▸ **WHAT THIS TASK INVOLVES**
What is needed is an exact copy of the lines from the line holding "The kurta is" through the end of the material, with no other lines and no pictures.

▸ **RECORDED INFORMATION**
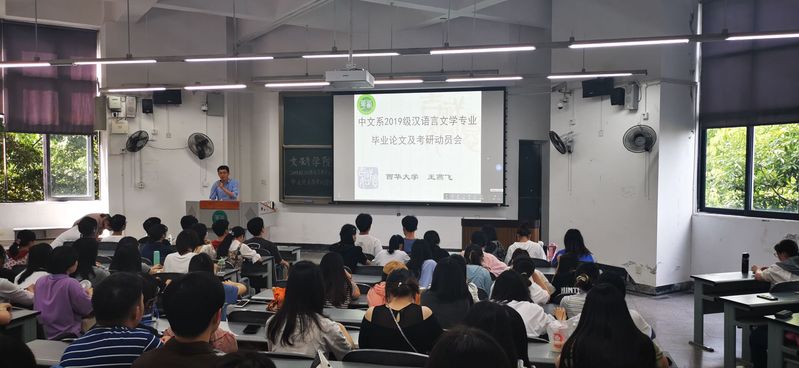 4月28日, 2019级汉语言文学专业举行了毕业论文暨考研答疑会。学院中文系系主任王燕飞老师就毕业论文和考研规划问题为同学们进行详细讲解与具体指导。
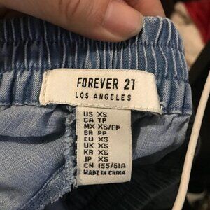 Forever 21 chambray boho embroidered shorts and off the shoulder tank top set. The top is a size small and the shorts are a size XS. The shorts fit like a standard small and have a 26" elastic waistband. Washed and worn a few times but still in very good condition. No flaws at all.
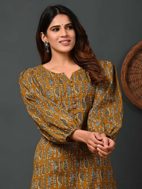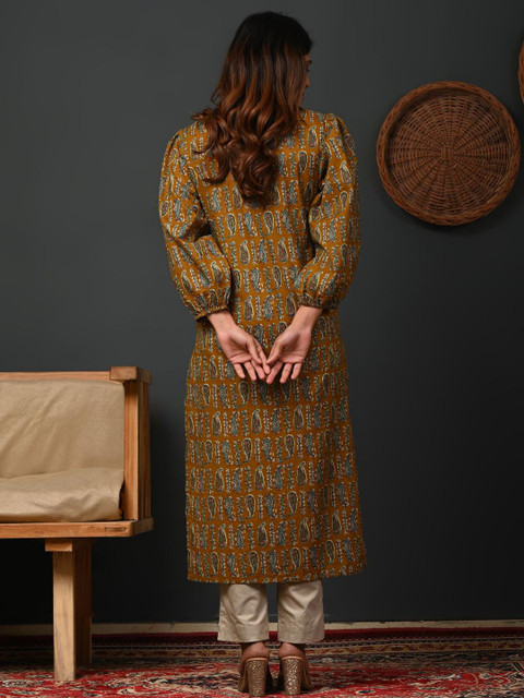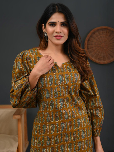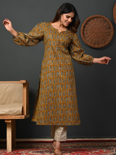The kurta is made of soft pure cotton, very comfortable and skin-friendly. The print and color are beautiful and look even better in real life. Stitching is neat and fitting is good, though slightly loose — perfect for casual or office wear. Great value for money!
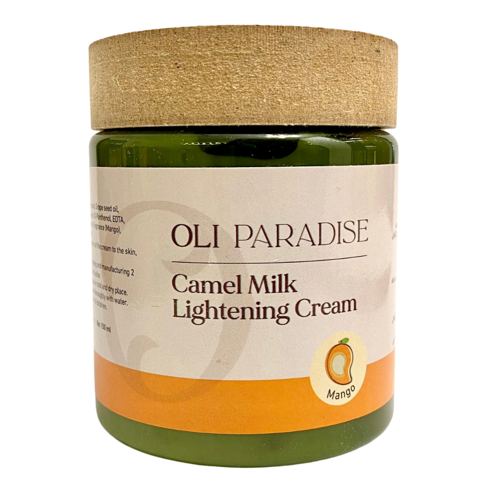 كريم تفتيح غني بحليب الإبل ومستخلص المانجو يمنح البشرة تغذية عميقة ويعمل على توحيد لون البشرة.

▸ **ANSWER SECTION**
The kurta is made of soft pure cotton, very comfortable and skin-friendly. The print and color are beautiful and look even better in real life. Stitching is neat and fitting is good, though slightly loose — perfect for casual or office wear. Great value for money!
 كريم تفتيح غني بحليب الإبل ومستخلص المانجو يمنح البشرة تغذية عميقة ويعمل على توحيد لون البشرة.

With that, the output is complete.